It has become more apparent, as events unfolded in the past months, that disaster preparedness does not only mean what to do when calamity strikes, but what measures are available for the community to somehow go on with their lives.
During the series of big quakes in the last quarter of the year, communities that were most affected moved to areas where they felt safer from the impact of the natural calamity. Some said that it was no different from their experience when they fled the conflict in their villages. Until now, some of them remain in the evacuation centers as their homes were confirmed no-build zones. We’re not sure what the plan is for them to rebuild their lives.

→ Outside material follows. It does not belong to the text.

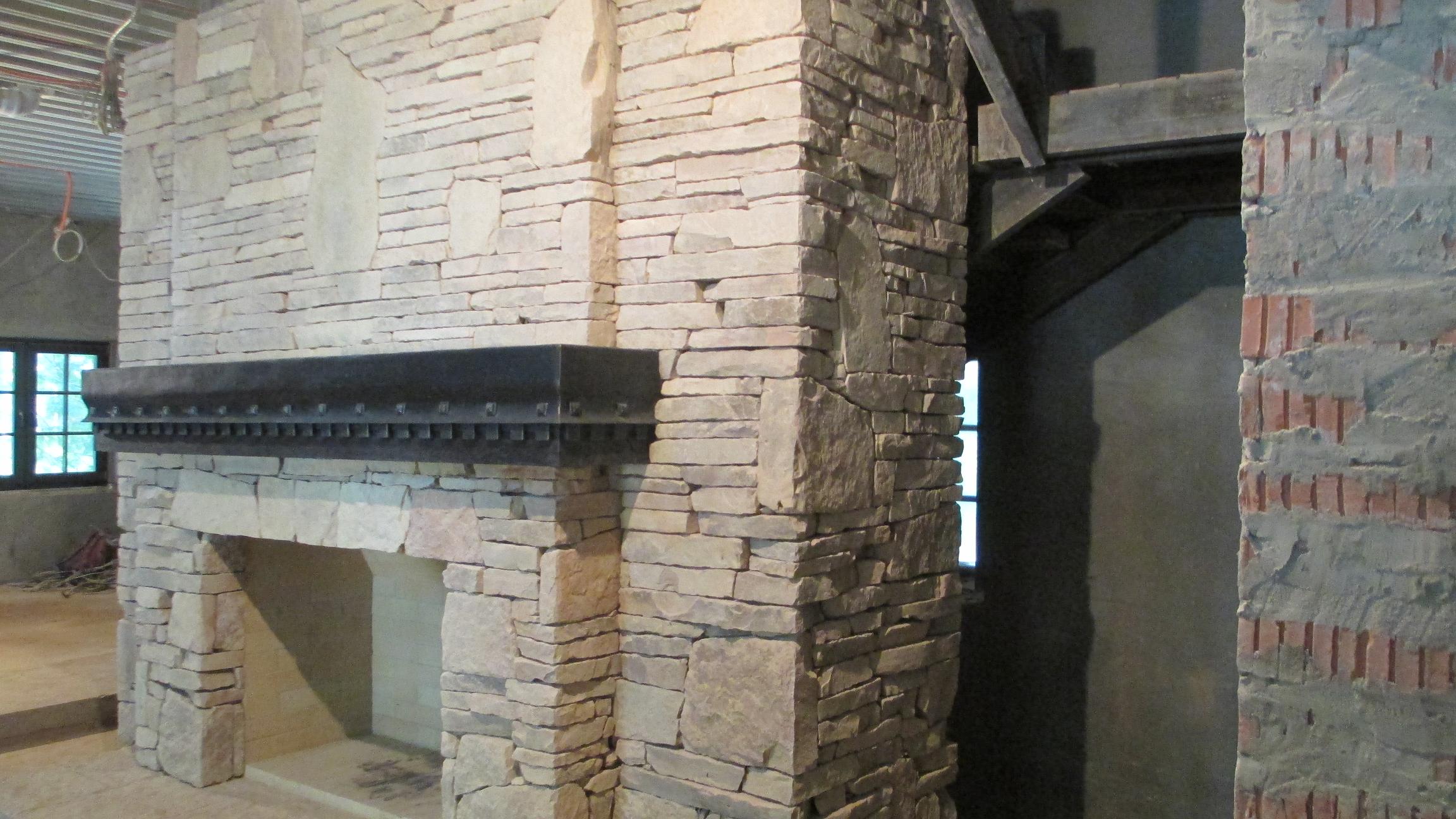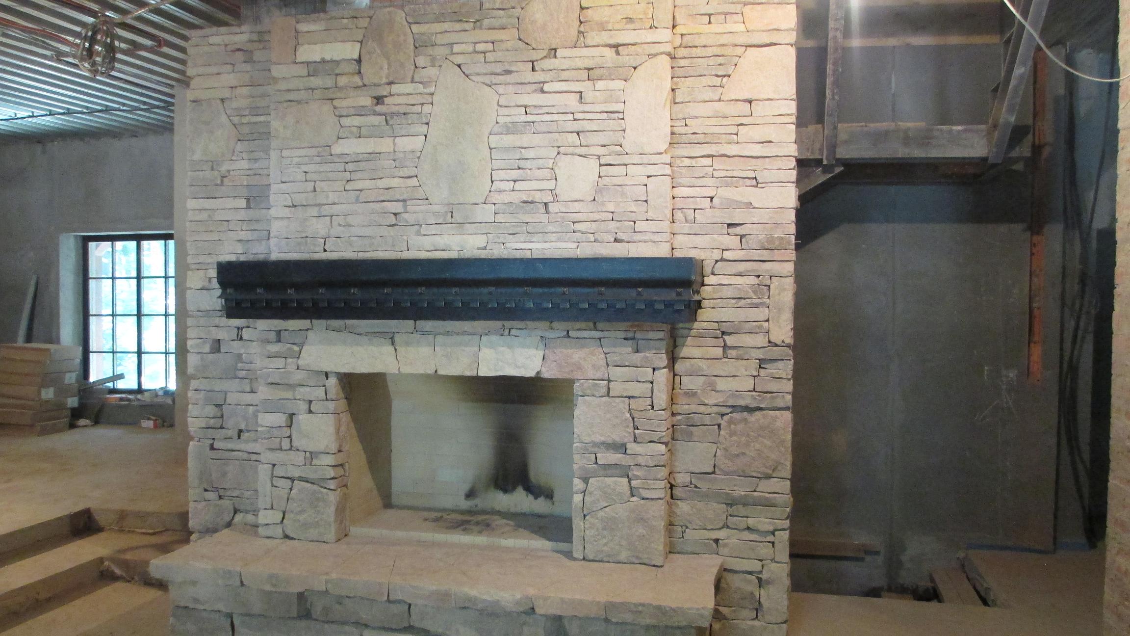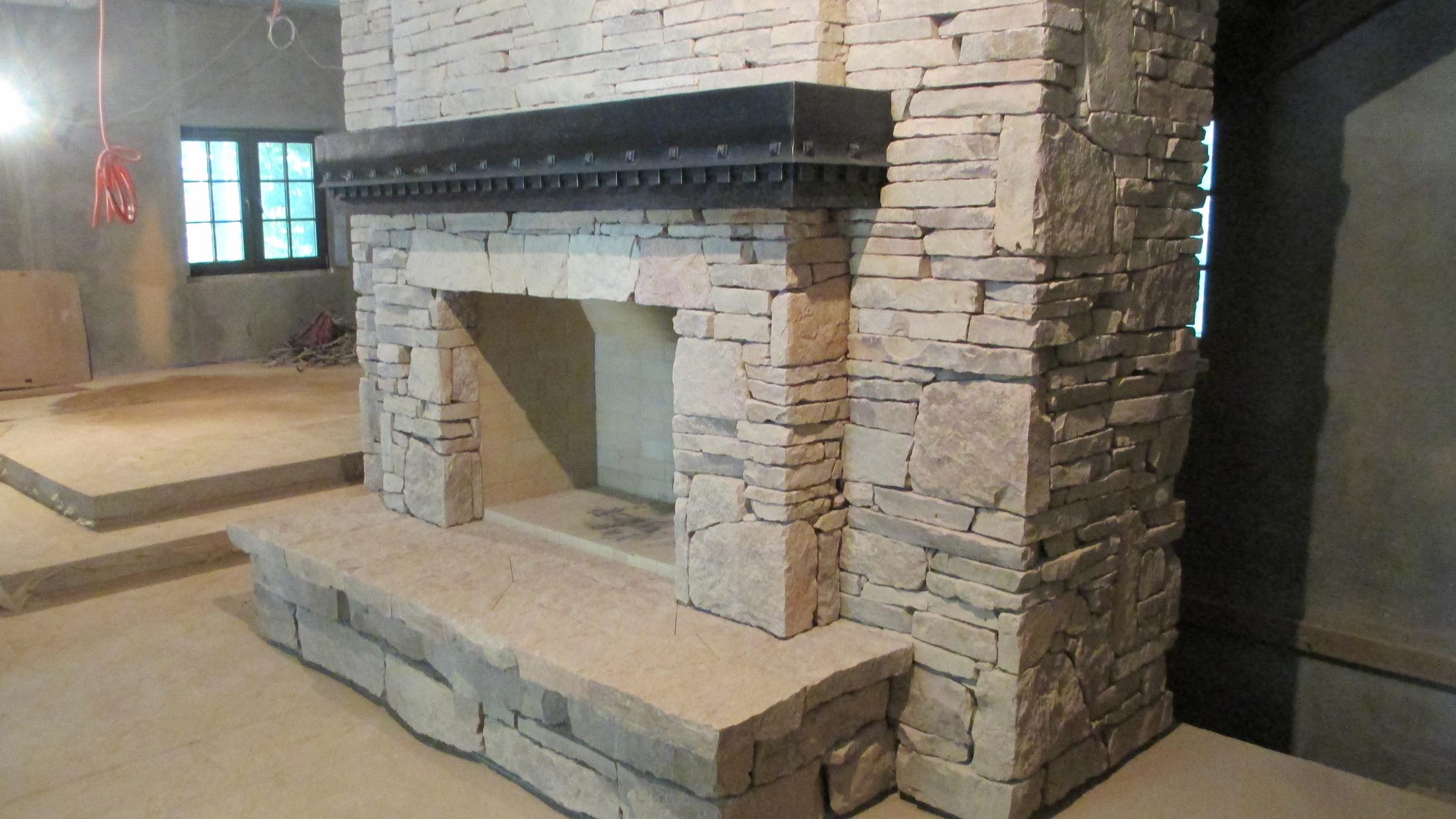 Камень что то близкое к слоистому известняку, клей "Фиксатор", клея в шве нет, только между телом камина в обвязке и камнем. "Сухой шов"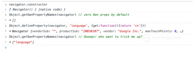 Разработчик пытался исправить ситуацию, и подменял не свойства самого объекта navigator, а свойства у прототипа его конструктора navigator.constructor.prototype. И это бы сработало, если бы их геттеры не содержали десятки килобайт обфусцированного кода, который доступен каждому сайту/антифроду.

When news of the novel coronavirus broke out at the beginning of the year, we never thought we will be affected. After all, the SARS and MERS virus didn’t reach our country. To have one death due to the virus and many who were considered patients under investigation, threw us for a loop. Add to the mix the social media postings of misinformation on the virus – and mass hysteria was not far behind.
Then, over the weekend we had the African Swine Fever outbreak in Davao Occidental. Neighboring towns, including Davao City, immediately put up measures to stop the infestation by imposing bans and blockades. We found that these precautions came too late. Villages in the outskirts of the city were flagged by the Department of Agriculture as having the swine flu.
Culling or what is now called ‘depopulation’ of hogs had to be done. Farmers received some sort of indemnification for their great loss. The supply of pork has dwindled which we thought would drive up market price but consumers were not buying pork for fear of the virus so prices are said to be stable.
How do we pick up our lives and move stoically forward?
With the experiences that we had in facing disasters, we are ready to craft a plan that will allow institutions such as schools, hospitals and government offices to continue to function even during times of calamities. We have to move forward.